Print the data below verbatim, minus images.

GIVEN MATERIAL.
────────────────

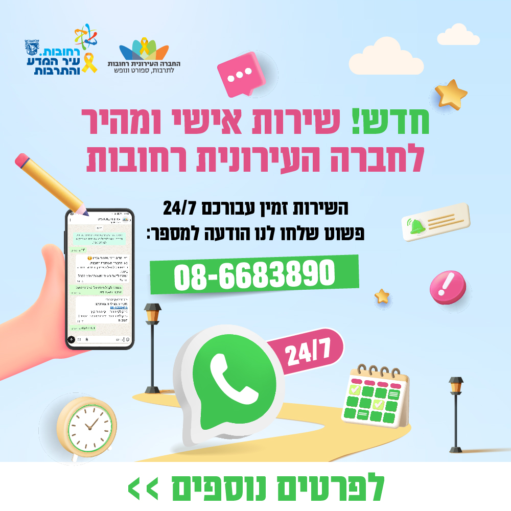 חדש ברחובות: החל מהשבוע יכולים תושבות ותושבי העיר ליהנות משירות וואטסאפ חדש של החברה העירונית, המאפשר לקבל מענה אישי, מהיר ונגיש במגוון תחומים – בלחיצת כפתור, ישירות מהנייד.
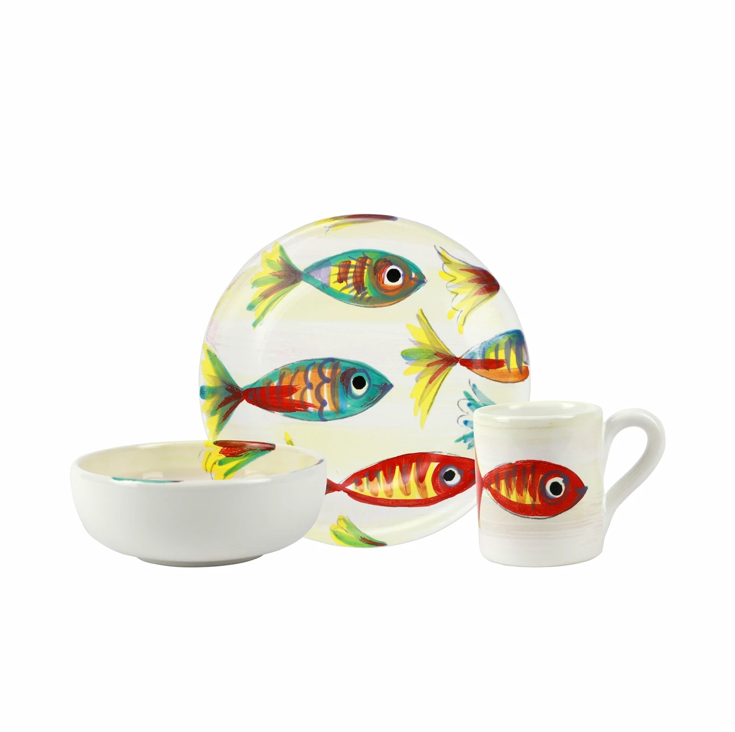 A joyful and vibrant collection, Pesci Colorati features handpainted designs inspired by the bright and colorful fish of the Mediterranean. The Pesci Colorati Bambini Set includes a plate, mug, and bowl, and is a guaranteed way to bring delight to a little oneβs face.
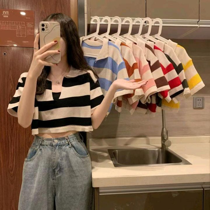 夏季新款韩系温柔风短款宽松短袖针织衫,独立包装,均码面料柔软舒适有弹力...
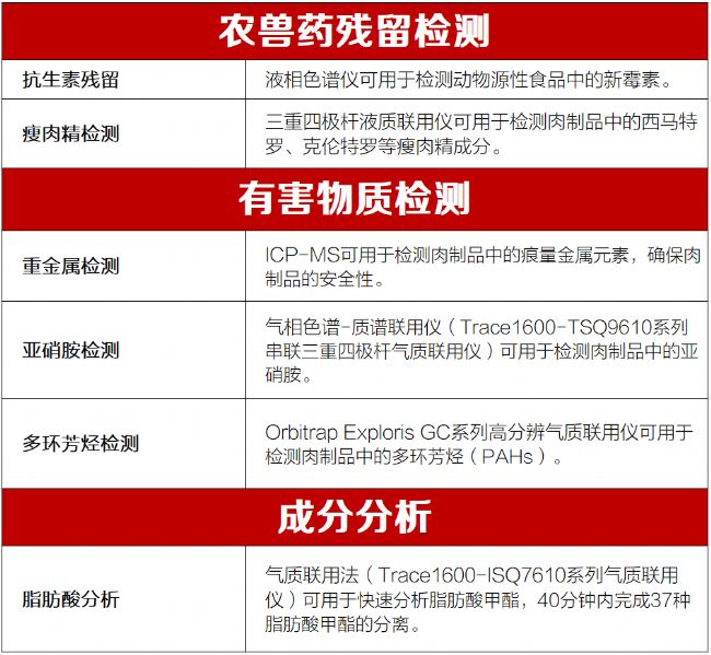 除了檢測獸藥殘留,賽默飛在肉制品檢測方面提供了其他全面的解決方案,涵蓋了從抗生素殘留、瘦肉精非法添加到動物源性食品檢測以及肉類真實性鑒定等多個方面。

────────────────

ANSWER FOR THIS EXERCISE.
 חדש ברחובות: החל מהשבוע יכולים תושבות ותושבי העיר ליהנות משירות וואטסאפ חדש של החברה העירונית, המאפשר לקבל מענה אישי, מהיר ונגיש במגוון תחומים – בלחיצת כפתור, ישירות מהנייד.
 A joyful and vibrant collection, Pesci Colorati features handpainted designs inspired by the bright and colorful fish of the Mediterranean. The Pesci Colorati Bambini Set includes a plate, mug, and bowl, and is a guaranteed way to bring delight to a little oneβs face.
 夏季新款韩系温柔风短款宽松短袖针织衫,独立包装,均码面料柔软舒适有弹力...
 除了檢測獸藥殘留,賽默飛在肉制品檢測方面提供了其他全面的解決方案,涵蓋了從抗生素殘留、瘦肉精非法添加到動物源性食品檢測以及肉類真實性鑒定等多個方面。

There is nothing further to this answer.